• _DATA RECORDS_
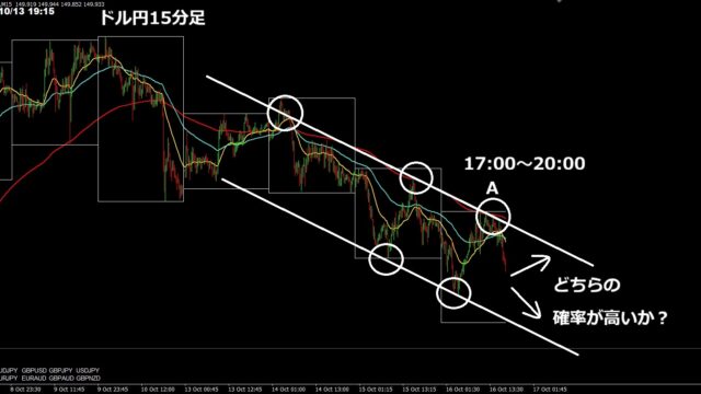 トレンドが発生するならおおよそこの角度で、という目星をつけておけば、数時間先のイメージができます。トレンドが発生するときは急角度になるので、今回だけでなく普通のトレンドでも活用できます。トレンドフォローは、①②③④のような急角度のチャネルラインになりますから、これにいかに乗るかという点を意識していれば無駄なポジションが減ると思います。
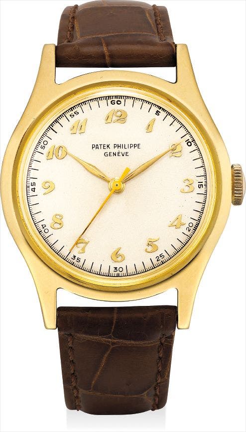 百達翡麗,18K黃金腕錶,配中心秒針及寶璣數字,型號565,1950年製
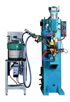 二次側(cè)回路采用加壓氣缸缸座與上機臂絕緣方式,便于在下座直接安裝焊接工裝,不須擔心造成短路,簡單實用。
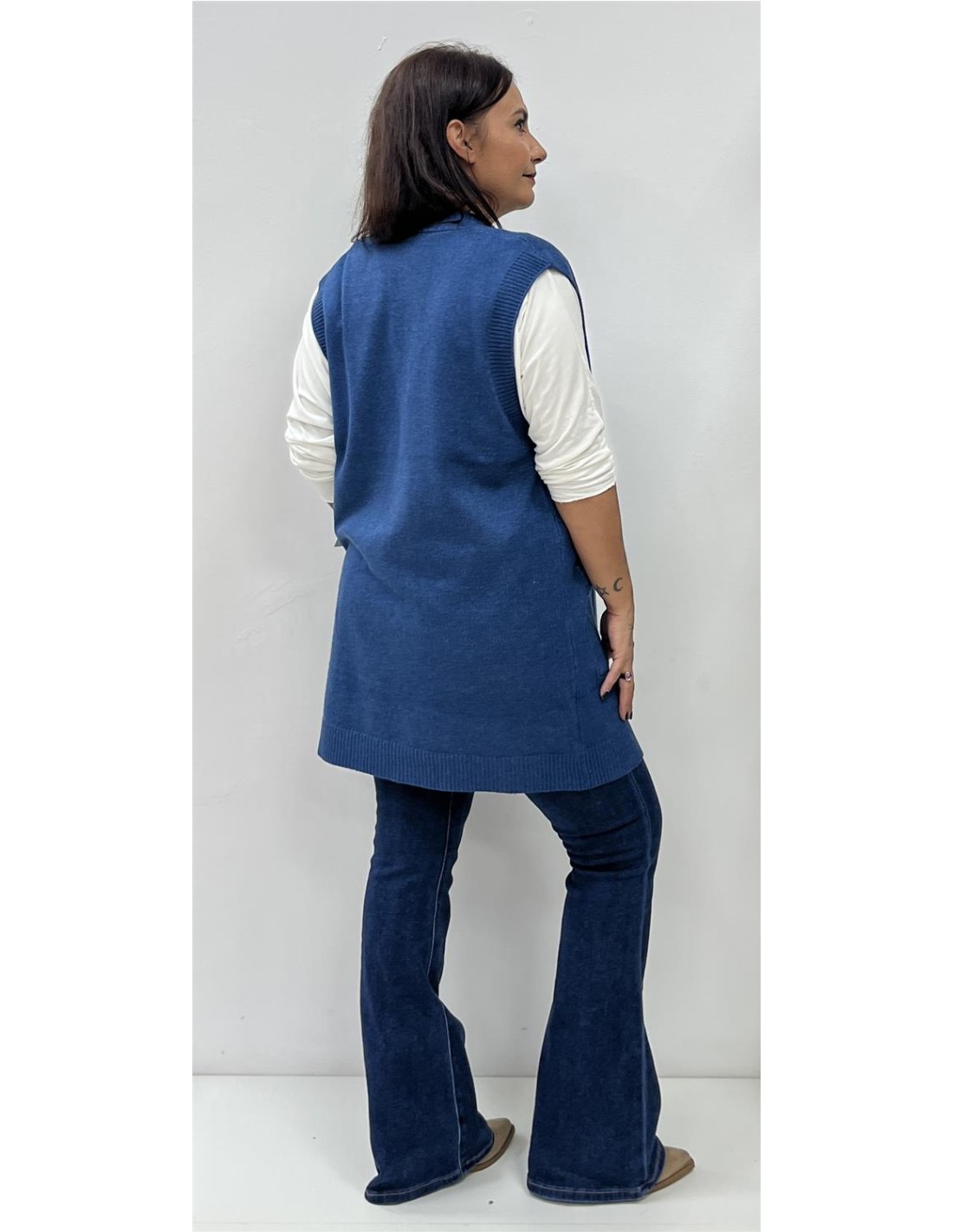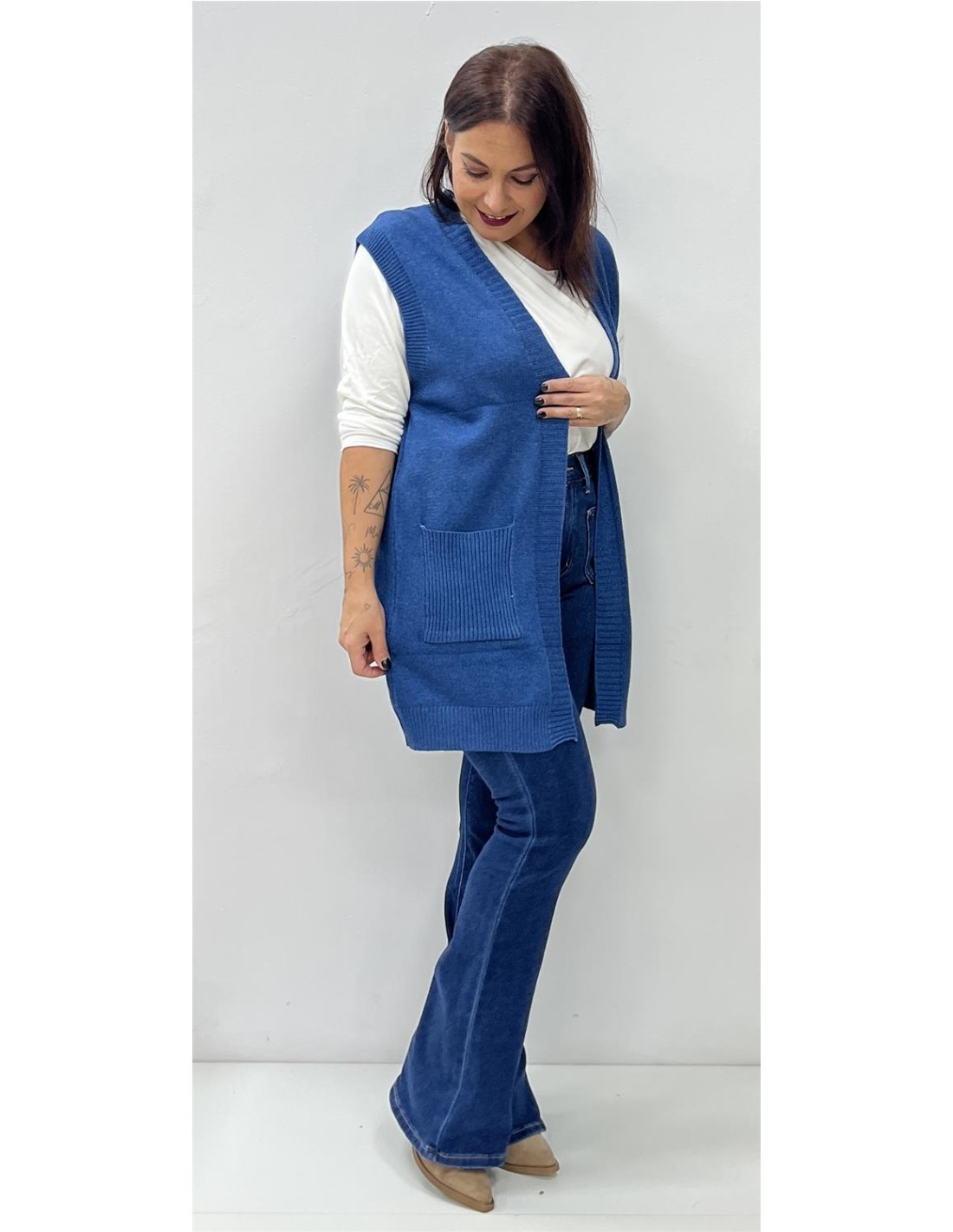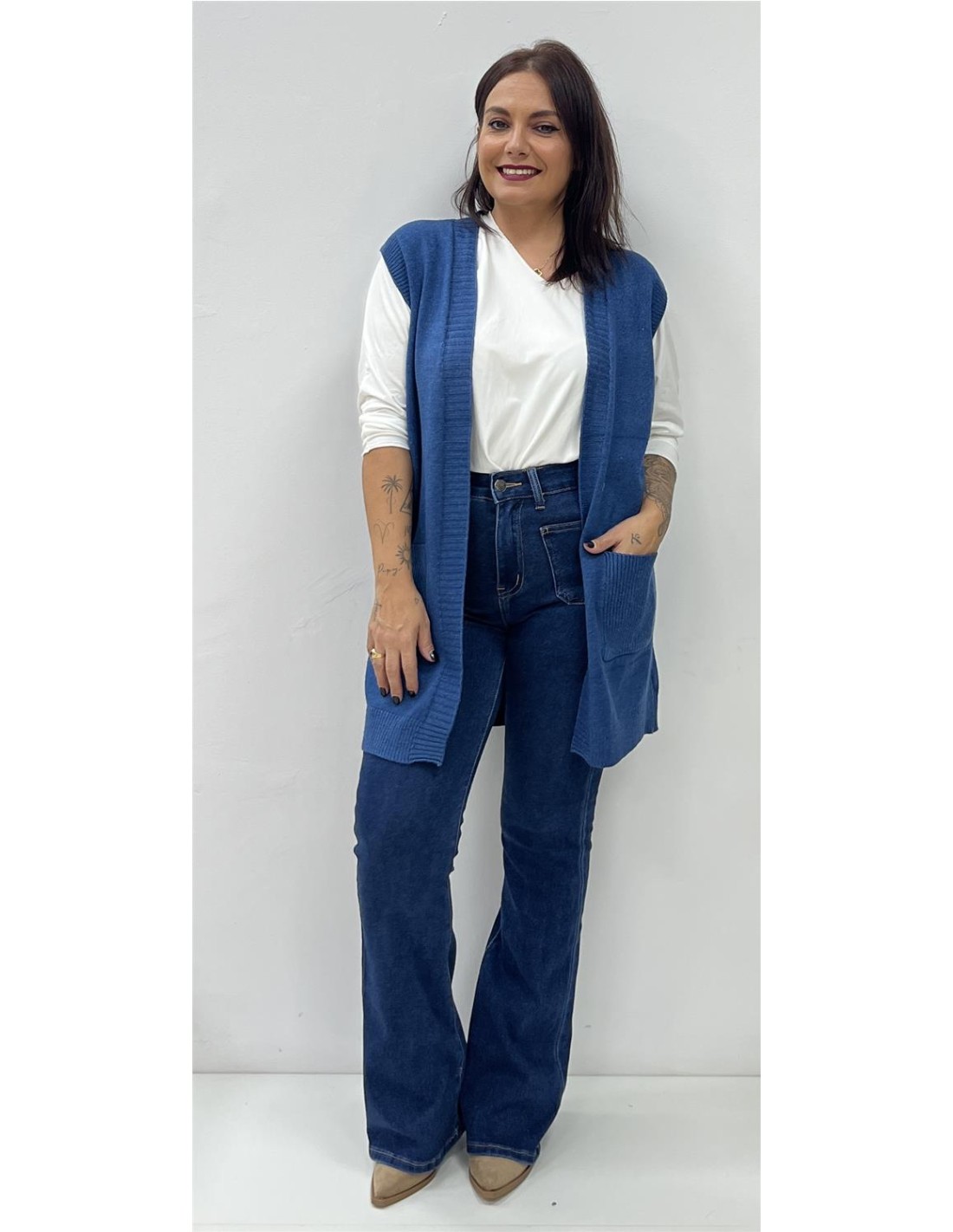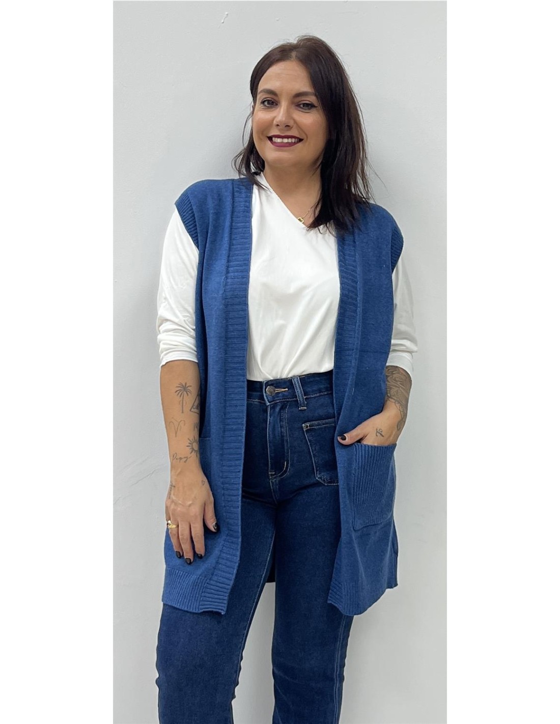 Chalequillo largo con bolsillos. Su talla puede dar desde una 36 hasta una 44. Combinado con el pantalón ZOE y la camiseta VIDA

---

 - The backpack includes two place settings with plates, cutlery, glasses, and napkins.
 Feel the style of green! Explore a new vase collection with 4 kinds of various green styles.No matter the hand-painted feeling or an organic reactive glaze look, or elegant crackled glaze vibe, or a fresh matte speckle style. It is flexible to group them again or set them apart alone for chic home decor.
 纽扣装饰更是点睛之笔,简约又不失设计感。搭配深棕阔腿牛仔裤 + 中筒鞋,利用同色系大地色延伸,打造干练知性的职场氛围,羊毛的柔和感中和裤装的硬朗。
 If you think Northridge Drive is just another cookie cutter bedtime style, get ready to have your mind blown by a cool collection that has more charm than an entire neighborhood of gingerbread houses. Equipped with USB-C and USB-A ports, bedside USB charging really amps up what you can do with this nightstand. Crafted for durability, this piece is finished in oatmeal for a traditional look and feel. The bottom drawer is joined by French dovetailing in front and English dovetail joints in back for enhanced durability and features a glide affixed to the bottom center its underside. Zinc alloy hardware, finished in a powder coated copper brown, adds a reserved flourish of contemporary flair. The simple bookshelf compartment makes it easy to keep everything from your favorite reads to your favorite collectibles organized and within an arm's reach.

• _WORK TO BE COMPLETED_
Copy word for word only the lines above from the one with "二次側(cè)回路采用加壓氣" through the one with "Chalequillo largo con". Leave pictures out.

• _FINAL ANSWER_
 二次側(cè)回路采用加壓氣缸缸座與上機臂絕緣方式,便于在下座直接安裝焊接工裝,不須擔心造成短路,簡單實用。
 Chalequillo largo con bolsillos. Su talla puede dar desde una 36 hasta una 44. Combinado con el pantalón ZOE y la camiseta VIDA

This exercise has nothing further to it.